Wait about 30 to 60 seconds for all containers to finish initializing, then check that everything is running:

bash
docker compose ps
output
NAME                              STATUS
paperless-ngx-broker-1            running
paperless-ngx-db-1                running
paperless-ngx-gotenberg-1         running
paperless-ngx-tika-1              running
paperless-ngx-webserver-1         running

All five containers should show running. If any show exited or restarting, check the logs with docker compose logs webserver to see what went wrong.

Step 5: Create Your Admin Account

Open your browser and navigate to http://localhost:8000. On first access, Paperless-ngx prompts you to create an admin account. Fill in a username, email, and a strong password. This account has full access to all documents and settings.

bash — alternative: create admin from CLI
docker compose exec webserver createsuperuser

If you prefer to create the account from the command line (useful for automated setups), you can also set PAPERLESS_ADMIN_USER, PAPERLESS_ADMIN_PASSWORD, and PAPERLESS_ADMIN_MAIL in docker-compose.env before first launch. Paperless will create the admin account automatically on startup.

Understanding the Interface: What Everything Does

Once logged in, you see the main document list. Before you start uploading documents, it is worth understanding the organizational structure that makes Paperless powerful.

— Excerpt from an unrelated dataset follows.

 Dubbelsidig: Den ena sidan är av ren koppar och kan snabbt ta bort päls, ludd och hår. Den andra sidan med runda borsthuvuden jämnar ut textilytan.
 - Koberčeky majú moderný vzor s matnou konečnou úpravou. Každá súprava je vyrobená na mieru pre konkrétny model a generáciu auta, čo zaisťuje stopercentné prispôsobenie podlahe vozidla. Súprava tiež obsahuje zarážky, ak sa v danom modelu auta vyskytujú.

ConceptWhat It MeansExamples
Correspondent Who created or sent the document. Usually a person, company, or institution. IKEA, Tax Authority, Landlord, Bank of America, Insurance Co.
Document Type The category of document regardless of who sent it. Invoice, Contract, Letter, Statement, Receipt, Warranty, Policy
Tag Flexible labels. Documents can have multiple tags. Use for any dimension that does not fit correspondent or type. 2024, urgent, tax-deductible, apartment, car, needs-action
Storage Path Controls where documents are stored on disk using a template. Optional but useful for keeping files organized outside of Paperless. {correspondent}/{document_type}/{created_year}
Custom Fields User-defined metadata fields for documents. Add fields like "Amount", "Contract End Date", "Account Number". Invoice amount, Expiry date, Contract reference number

Paperless-ngx uses machine learning to assign these automatically. Create a few correspondents, document types, and tags manually, then train the classifier by uploading 20 to 30 documents and assigning metadata manually. After that, new documents of similar types get tagged automatically.

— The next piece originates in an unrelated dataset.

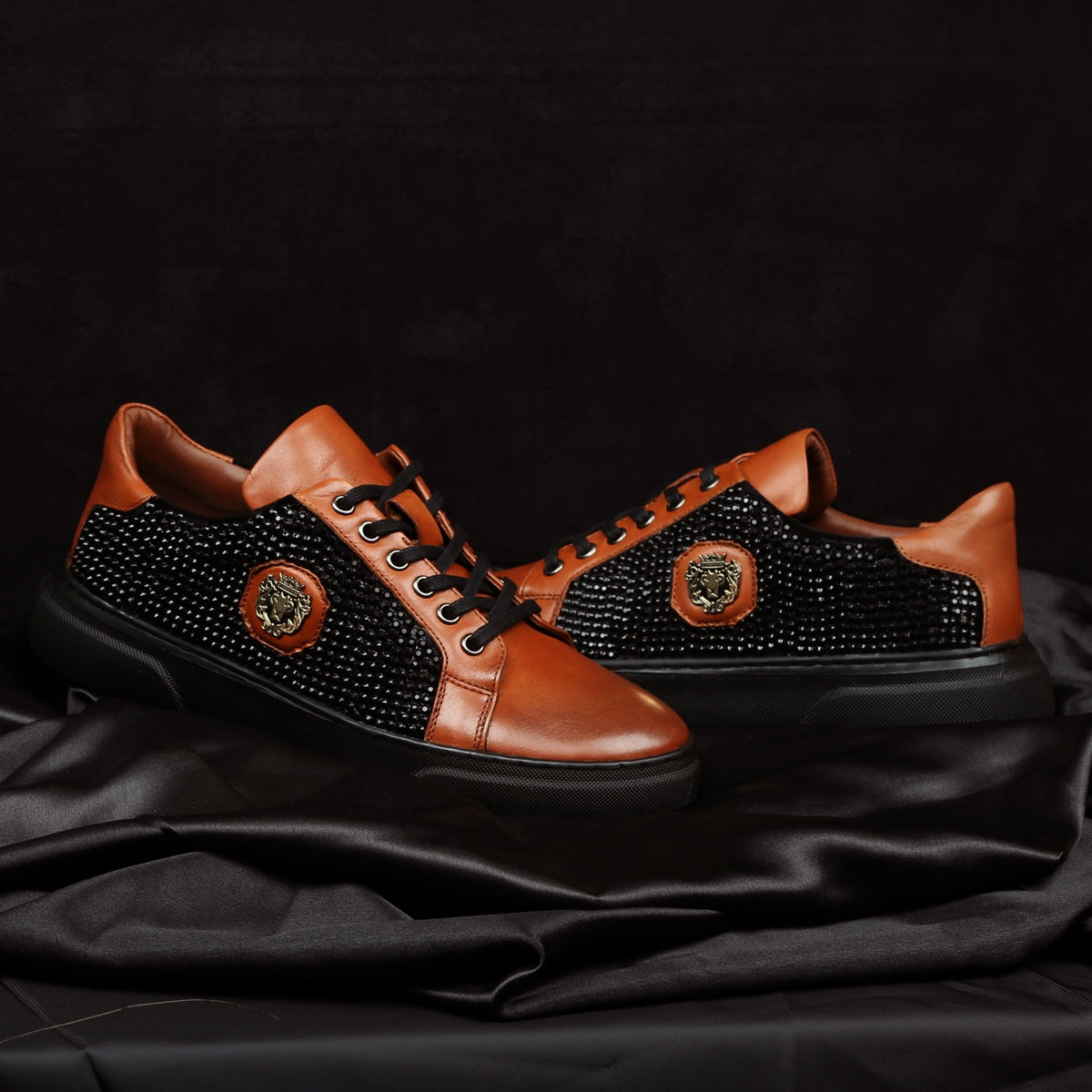 The black rhinestones on tan leather sneakers looks astonishing. This handmade sneakers spells the fashion quotient on every event. Black rhinestones on quarters compliment the genuine tan leather shade of shoe. Lace up closure makes it very convenient to adjust the sneakers according to your feet. Black rubberized sole enhances the grip on different terrains. Padded footbed provides the extra comfort while walking.

Four Ways to Get Documents into Paperless-ngx

1

Drop files into the consume folder

Copy or move any supported file into ~/paperless-ngx/consume/ on your server. Paperless watches this directory and processes new files automatically, usually within seconds. This is the fastest method from the command line or from other scripts: cp invoice.pdf ~/paperless-ngx/consume/

2

Upload through the web interface

Click the upload button in the web UI. Drag and drop files or click to browse. Useful when you want to immediately see the result or set metadata before consumption. You can upload multiple files at once.

3

Email consumption

Configure Paperless to check a dedicated email inbox (Settings → Mail). It will periodically check the inbox, download attachments matching your rules, and consume them as documents. Workflow: scan a receipt on your phone, email the PDF to the dedicated address, find it organized in your archive within minutes, from anywhere.

4

Mobile apps

Paperless for Android and Paperless for iOS connect directly to your Paperless-ngx instance via the API. Scan a document with your phone's camera, submit it through the app, and it lands in your archive. Works over the internet once you have remote access configured. You can also use any scanner app that can "share" a PDF to another app and use the Paperless Share app for Android.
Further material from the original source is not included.